In the present invention, because the depth resolvable cross sectional tomography is not required for fundus image, the path length match position can essentially be set inside of the retinal structure, thereby avoiding the mirror image problem. As a result, the required instantaneous linewidth can be further relaxed to 2δΔ. In the example above, the instantaneous linewidth would be 2δλ<0.72 nm to avoid the retina signal loss. Compared to a typical corresponding instantaneous linewidth much less than 0.1 nm in OCT systems, this instantaneous linewidth for the present disclosure can be larger than prior systems. Because the instantaneous linewidth can be greater than the 0.1 nm of typical systems, it is more tolerable and thus makes it possible to employ faster and less expensive tunable light sources that are generally not useful for OCT systems.

To acquire the interferogram, the optical signal is converted to an electrical signal by a detector and/or a data acquisition device in the interferometric setup according to equation (3). The detector and data acquisition response frequency should be sufficient for resulted signal from retina in order to maintain the interferogram from the retina. In addition, the detector and data acquisition device should have frequency bandwidth according to: f_BW>Z_r·R/2π, where Z_r is depth range in free space that contains the desirable retina structure. When the path length match position is set inside of the retinal structure, the cutoff frequency can be further reduced by half.

After the artifacts are removed, a fundus image can be rendered with further signal processing, either in analog or digitized format. Digitization of the signal leverages the wealth of sophisticated digital signal processing techniques and therefore is further explored in detail. For instance, each pixel of the fundus image can be calculated as a statistical result, e.g., the sum of square of the signal within the sweeping range at the location(s) corresponding to the pixel. For example, according to one embodiment, at least 15 sample points within the bandwidth for each pixel on the fundus image are digitized and used to generate the fundus image. The insights gained from digitized signal processing, however, can apply equally to implementations based on analog signals.

The above description discusses the use of a tunable laser where the interferogram is frequency modulated in the time domain. However, it is noted that a broadband light source can also be used in the invention. In such a case, the interferogram is frequency modulated in the spectral domain. As a result, for broadband light source implementations, signal processing, such as noise filtering, should be done in the spectral domain instead of the time domain.

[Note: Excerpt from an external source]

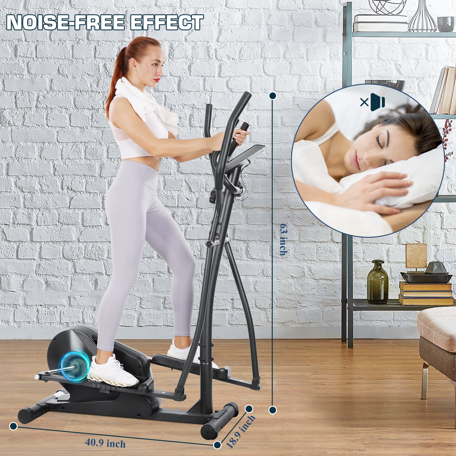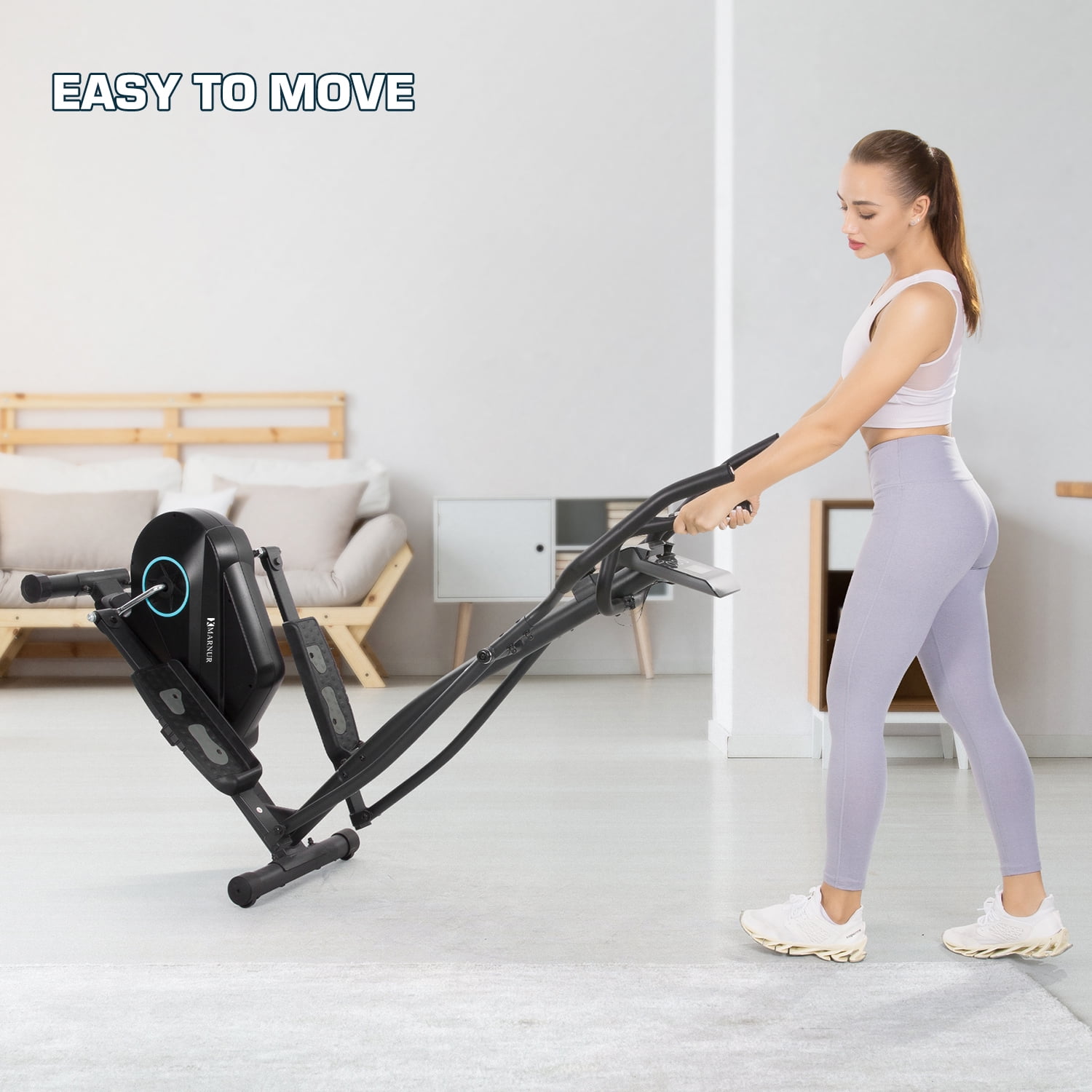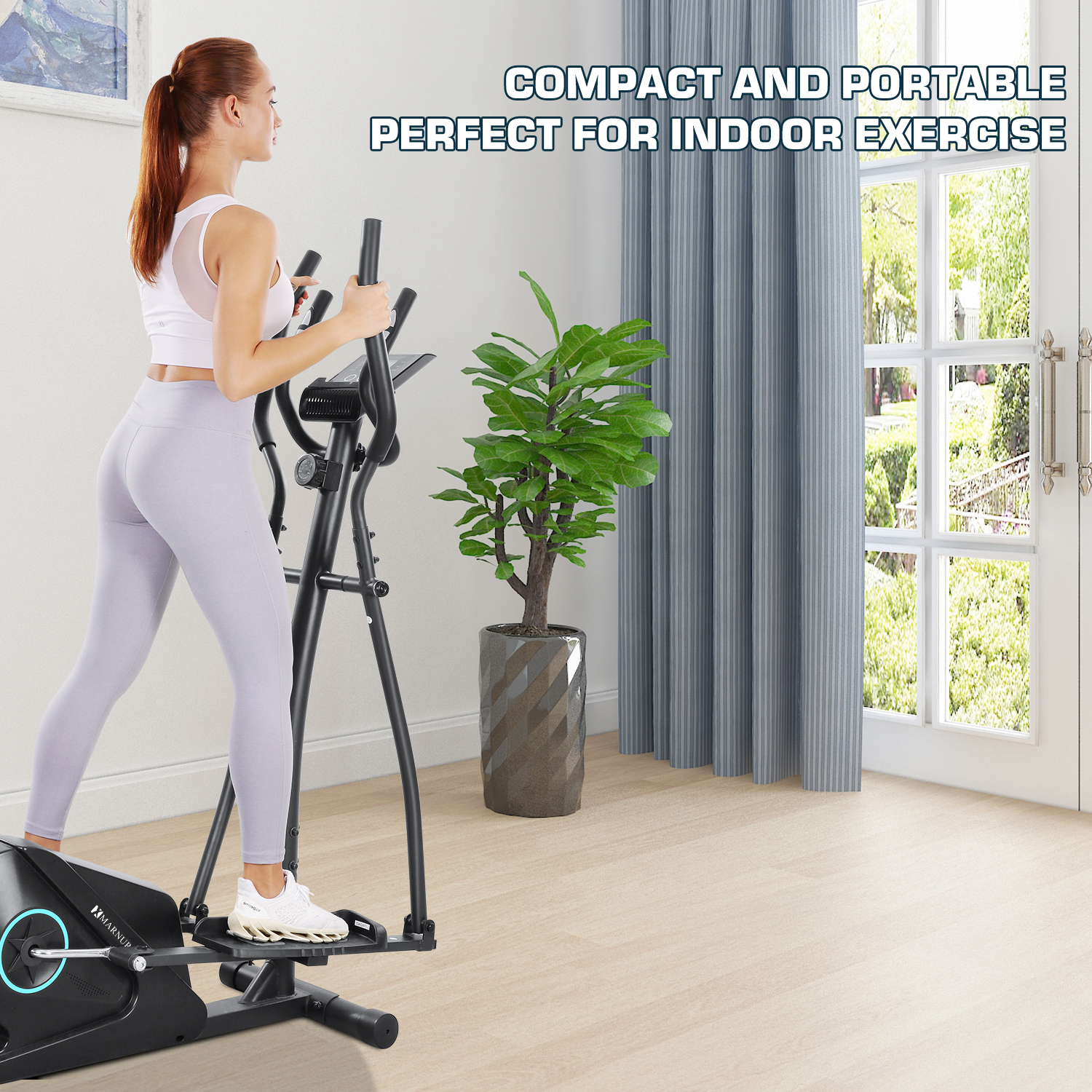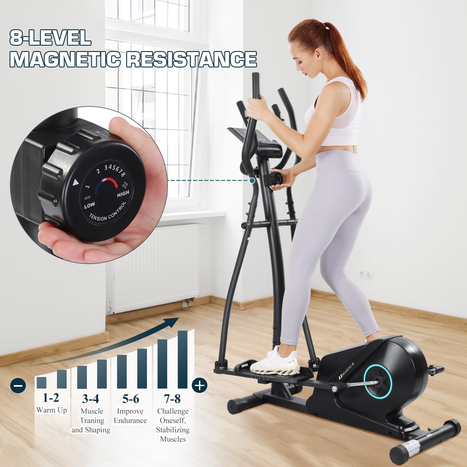 Marnur Elliptical exercise machine provides low-impact full-body exercise, ideal for joint protection and comprehensive fitness benefits. With adjustable resistance levels, elliptical caters to various fitness levels, making it a versatile piece of equipment suitable for home use. Key Feature 8-Level Resistance: Elliptical machine for home use can adjust 8 resistance levels according to your exercise plan to ensure your exercise is scientific. 1-3 level of an aerobic warm-up 4-6 level of cardio-pulmonary exercise 7-8 level of fat reduction and shaping. Quiet and Smooth: Elliptical machine is equipped with an 11 lbs super inertial flywheel, with uniform and stable resistance and smooth pedaling. What’s more, the magnetic flywheel has zero friction and no noise. Movable and Compact: Elliptical machine is designed with two front wheels, which allows you to move it conveniently. You can just tilt this elliptical to 45° and push it. LCD Monitor and Heart-Rate Detector and Device Holder: Elliptical is equipped with an LCD monitor, which displays time, speed, distance, calories, pulse, and odometer.
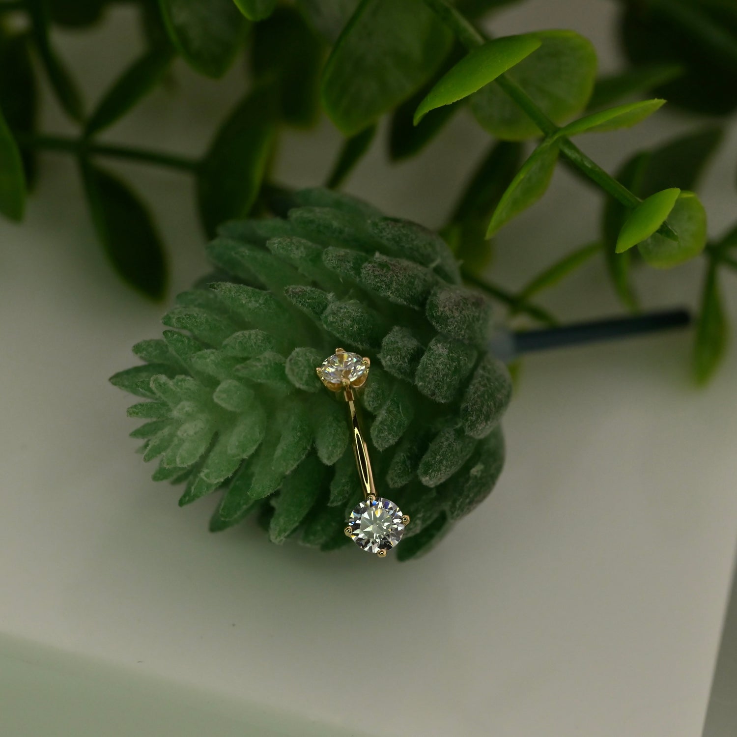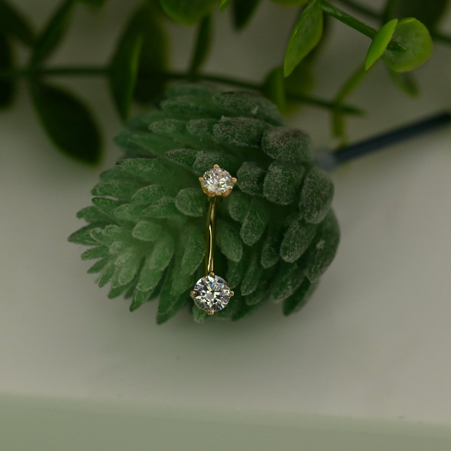 14k Gold curved barbell with threaded 4mm round prong top and fixed 5mm prong bottom.

One example of the implementation of the modality of the present disclosure is shown in FIG. 6 and can include at least the following components: a swept source laser 400 as the rapid wavelength tuning laser for illumination; an interferometric setup with reference and sample arms 402, 404 formed by a beam splitter 416 to generate interferograms; a 2D scanner 406 in the sample arm for fast 2D flying spot scanning over the fundus; a scanning controller 408 that controls the 2D scanner 406 and synchronizes the scan with the laser tuning; and a detector 410 that converts light to electrical signal for processing. The detector 410 may be a detector and/or data acquisition device capable of detecting back-scattered or back-reflected light of wavelengths emitted by the swept source laser 400 or other light source used. An eye 412 to be imaged and an image processor 414 are also shown. The image processor used herein refers to any, or part of any, electrical circuit comprised of any number of electrical components, including, for example, resistors, transistors, capacitors, inductors, and the like. The circuit may be of any form, including, for example, an integrated circuit, a set of integrated circuits, a microcontroller, a microprocessor, a collection of discrete electronic components on a printed circuit board (PCB) or the like. The processor may also stand alone or be part of a computer used for operations other than processing image data. It should be noted that the above description is non-limiting, and the examples are but only a few of many possible image processors envisioned.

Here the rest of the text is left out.